Los grandes templos alrededor de los cuales se erigen las viviendas y palacios de una nueva aristocracia, en Mesopotamia como en Egipto o en China, son también espacios de experimentación de nuevas tecnologías por artesanos de tiempo completo( ) sostenidos con los excedentes de cereales, herramientas y materia prima (capital, se diría milenios después) almacenados en los templos para las necesidades de las nuevas elites. Registremos de paso la elusividad de importantes depósitos centrales en el universo mesoamericano tanto formativo como clásico, lo que podría explicarse por la mayor vitalidad de los mercados locales, por la menor capacidad realmente centralizadora de las elites mesoamericanas o, incluso, por una menor disponibilidad de excedentes almacenables.

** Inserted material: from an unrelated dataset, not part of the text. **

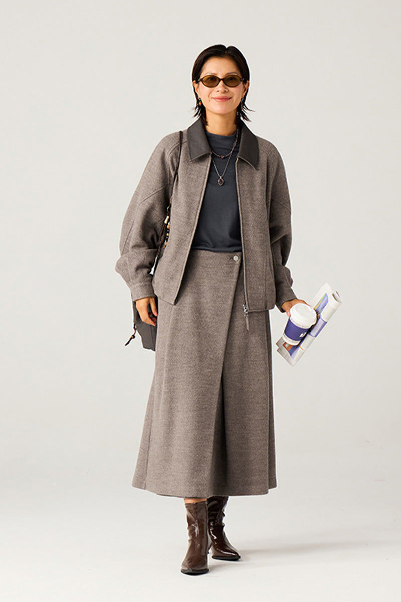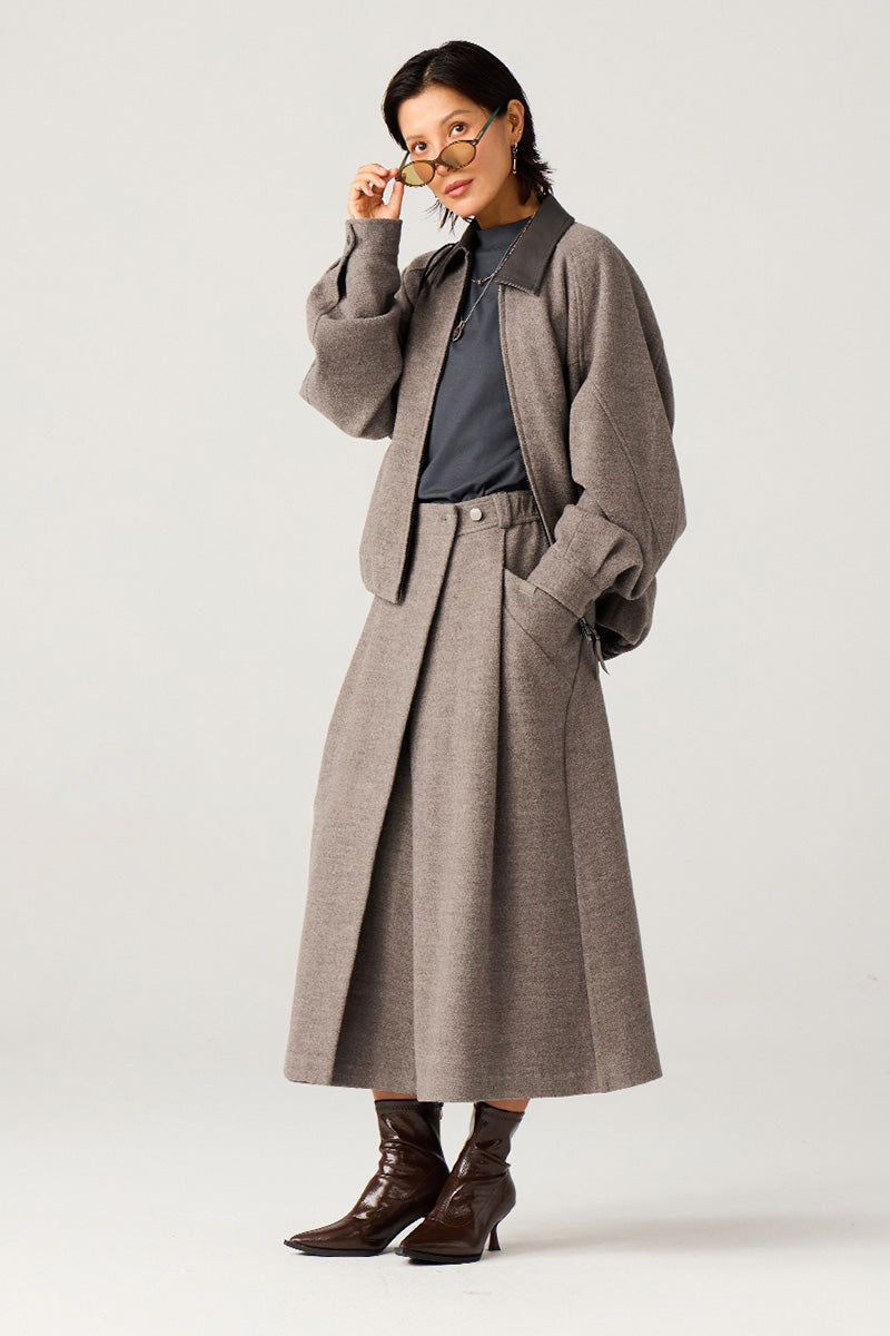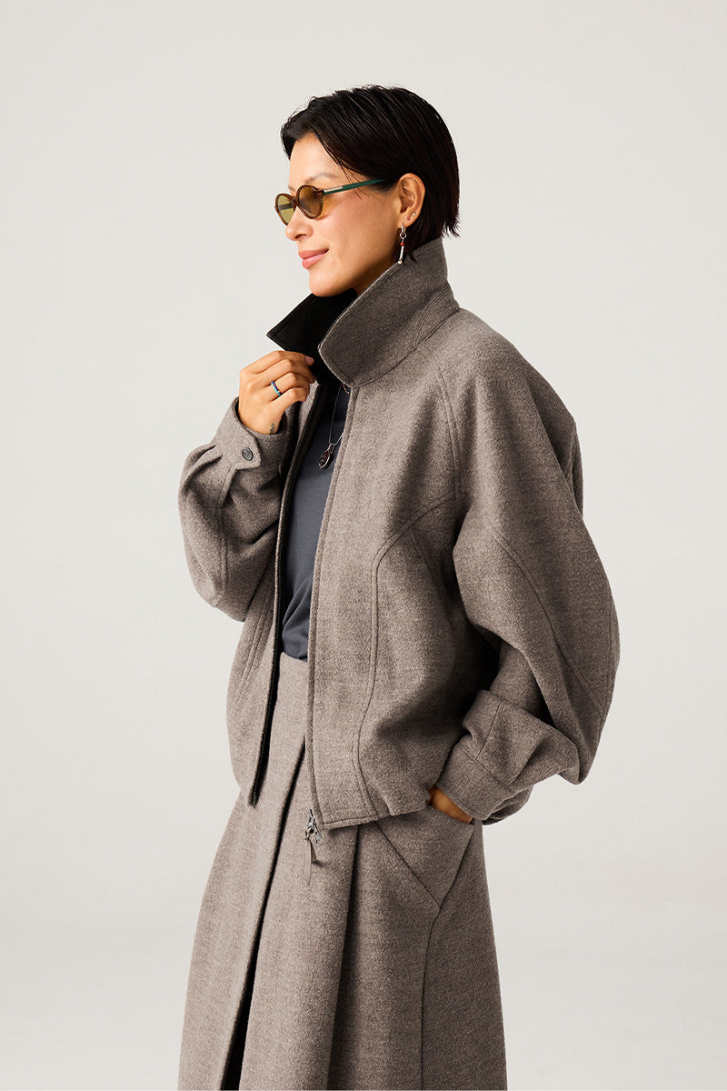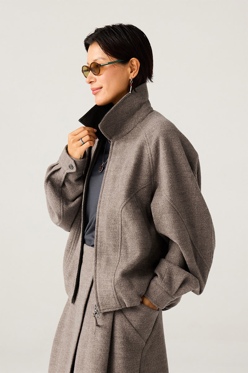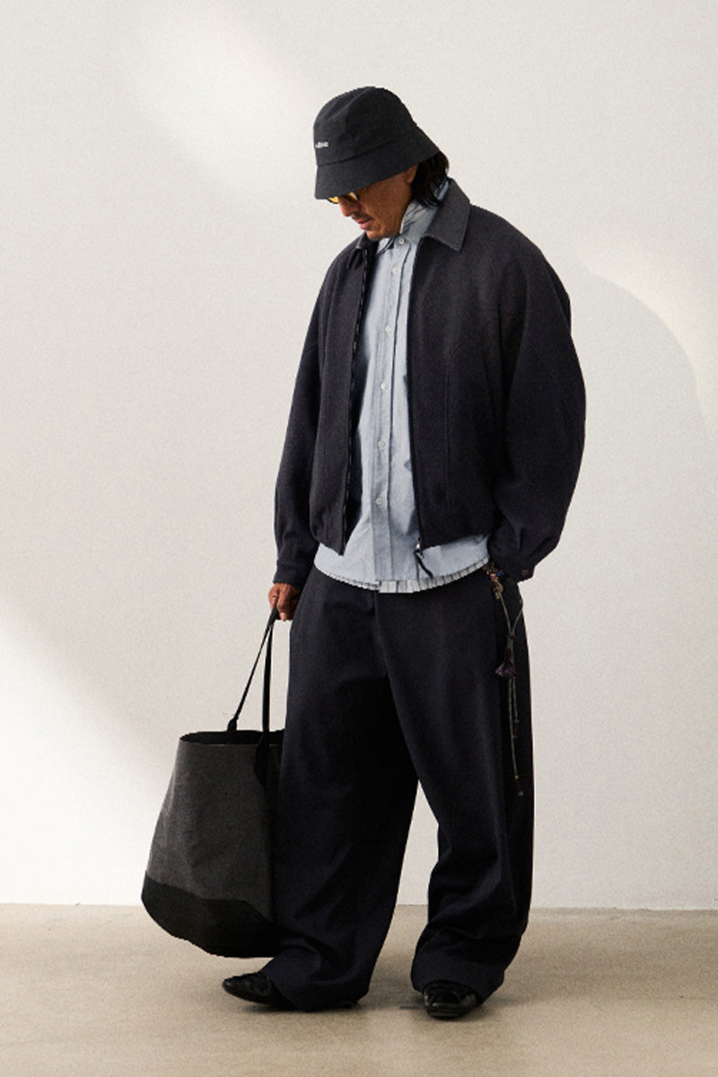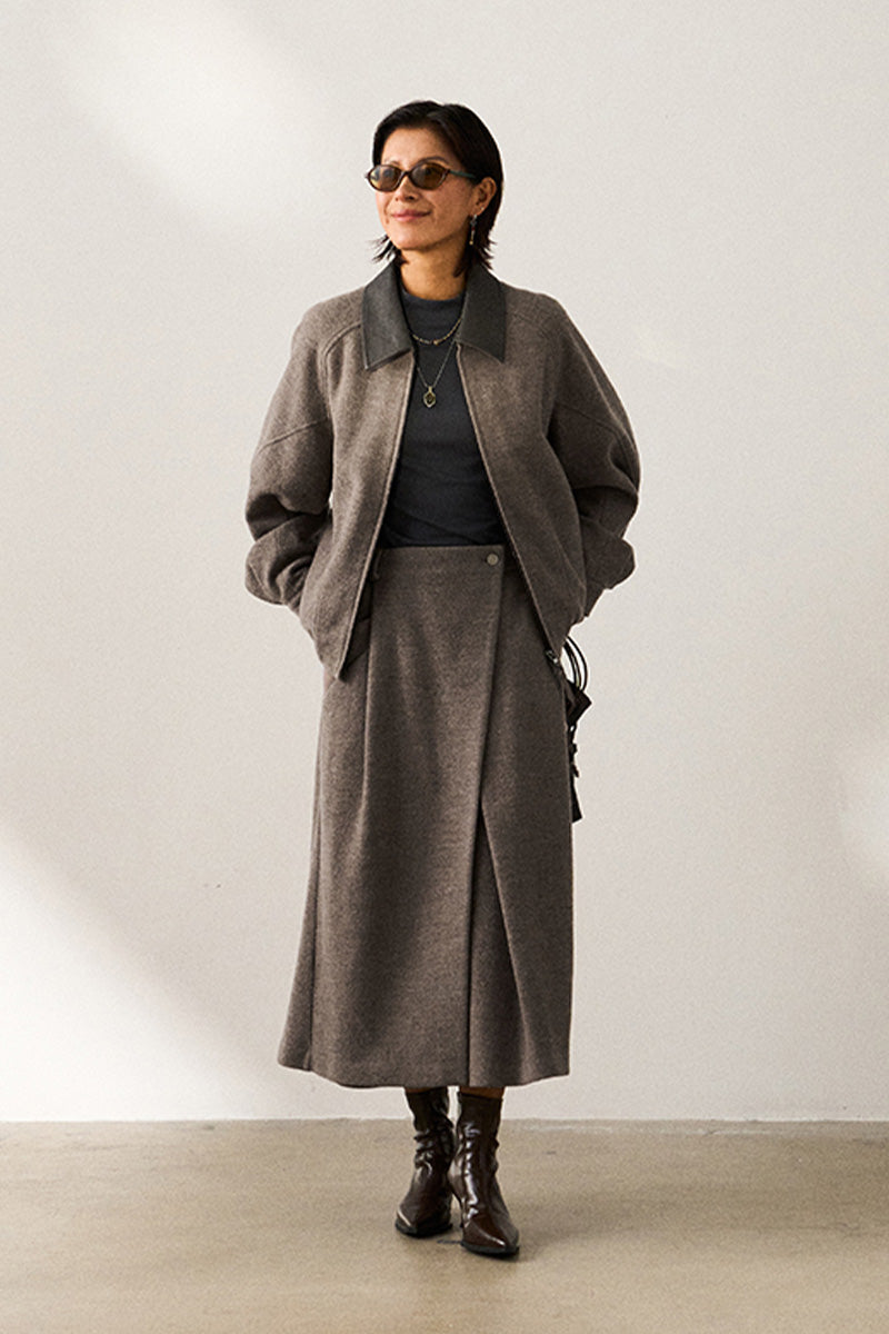 表地には高級混紡ウールニット生地(ウール51%)を使用。優れた垂れ感と挺括感を兼ね備え、通勤時の利落さとカジュアルシーンでのスタイリッシュさを両立。

Las obras monumentales indican en piedra el deterioro de los tradicionales instrumentos de la democracia comunitario -aldeana. La vida comunitaria persiste, ciertamente más en Mesoamérica (y quizá en China) que en las otras experiencias prístinas, pero esto no significa que su peso no se reduzca frente a nuevas jerarquías y nuevos poderes.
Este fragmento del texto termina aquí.